In 1964, during a visit to Florida, Charlie and his sister were involved in a car accident that left him with brain damage.

== Community role ==
In the 1970s, Nassofer became involved with the Chabad-Lubavitch movement after meeting a representative from the Lubavitch Youth Organization. He began spending time at Chabad headquarters at 770 Eastern Parkway and participated in outreach activities. Charlie became a fixture at 770 Eastern Parkway.

He was widely recognized for his frequent interactions with the Lubavitcher Rebbe, who would often smile and encourage him with a wave or gesture. Charlie became a regular attendee at celebrations across Crown Heights, bringing balloons to distribute to children. He also attended weddings, engagement parties, brises, and shalom zachars. He was often seen wearing a distinctive yarmulke covered in Jewish-themed buttons, including slogans promoting mitzvot and insignia from Tzivos Hashem.

He had frequent encounters with the Lubavitcher Rebbe, Rabbi Menachem Mendel Schneerson. On several occasions, he received wine from the Rebbe during the distribution of kos shel brachah. He was known to carry multiple cups and would explain that they represented concepts from Chabad philosophy.

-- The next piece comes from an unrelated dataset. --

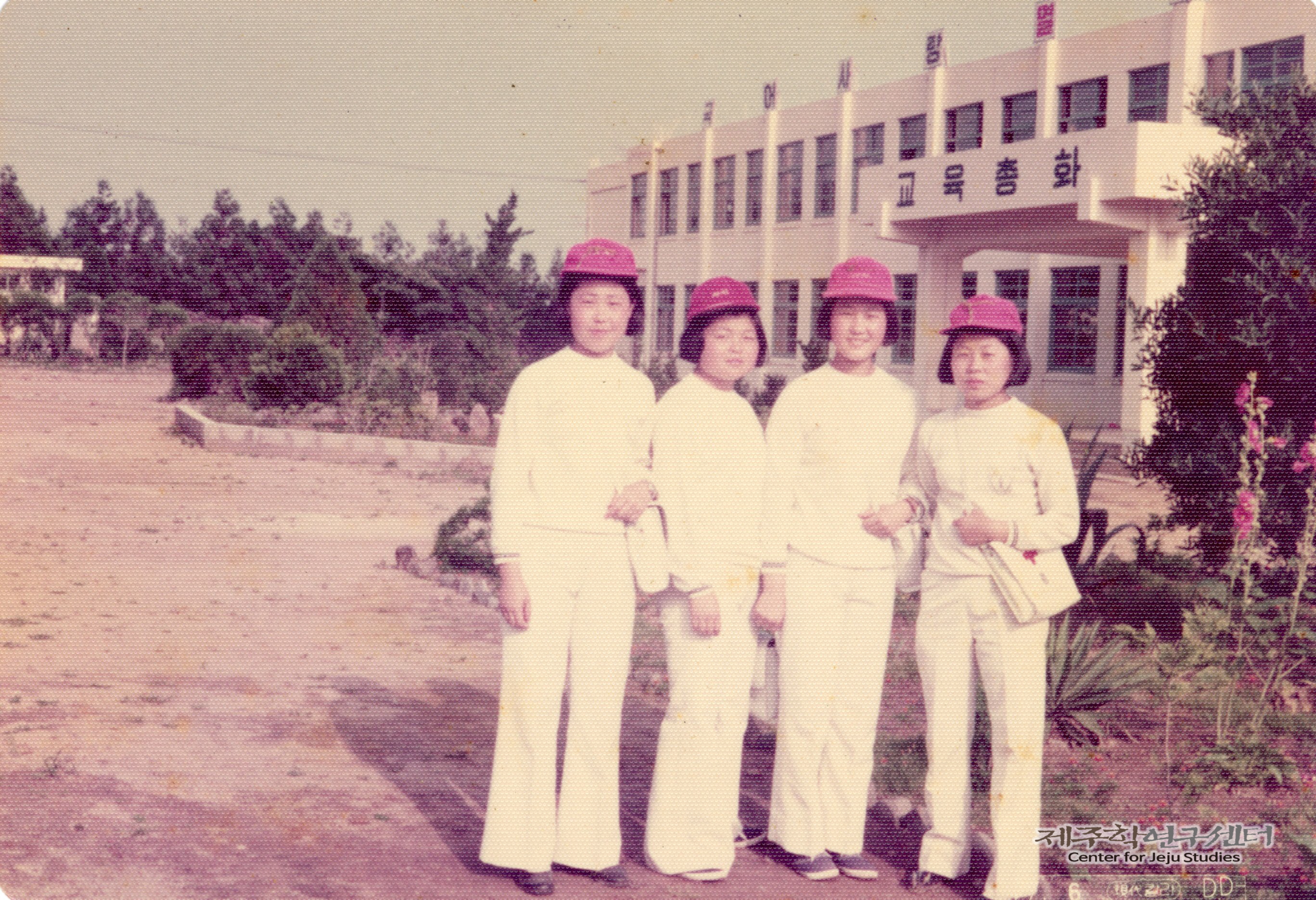 2) 사진 설명: 서귀포여자고등학교는 1975년 6월 현 부지(서귀포시 호근동 1561번지)로 신축 이설하였다. 이설한 학교 운동장에서 흰색 교련복을 착용한 여고생 4명이 기념 촬영을 하고 있다. 학생들 뒤로는 서귀포여자고등학교 옛 건물이 보이는데, 입구 앞에는 '교육총화'란 글이 새겨졌다.

== Involvement with Lincoln Square Synagogue ==
In addition to his presence in Crown Heights, Nassofer had a longstanding connection with Lincoln Square Synagogue in Manhattan.

During the 1970s and 1980s, he was active in the synagogue's educational and outreach programs, particularly the Beginner's Service led by Rabbi Ephraim Buchwald. He also participated in Purim plays and helped with various tasks including mailings.

Nassofer was trained by Rabbi Buchwald to kosher kitchens and provided this service across a range of homes in the New York area.

== Personality and sayings ==
Nassofer was known for his dry humor and playful calendar inventions, such as referring to days in Tevet as "the 23rd day of Chanukah" and declaring the days between his Hebrew and secular birthdays as "chol hamoed Charlie." When asked if he was Elijah the Prophet, he once responded that he couldn't be due to being a chronic latecomer.

== Later life and death ==
Nassofer later moved into a private home in Crown Heights and eventually into a Jewish nursing facility in Brooklyn due to declining health. He died on May 8, 2025, at the age of 80.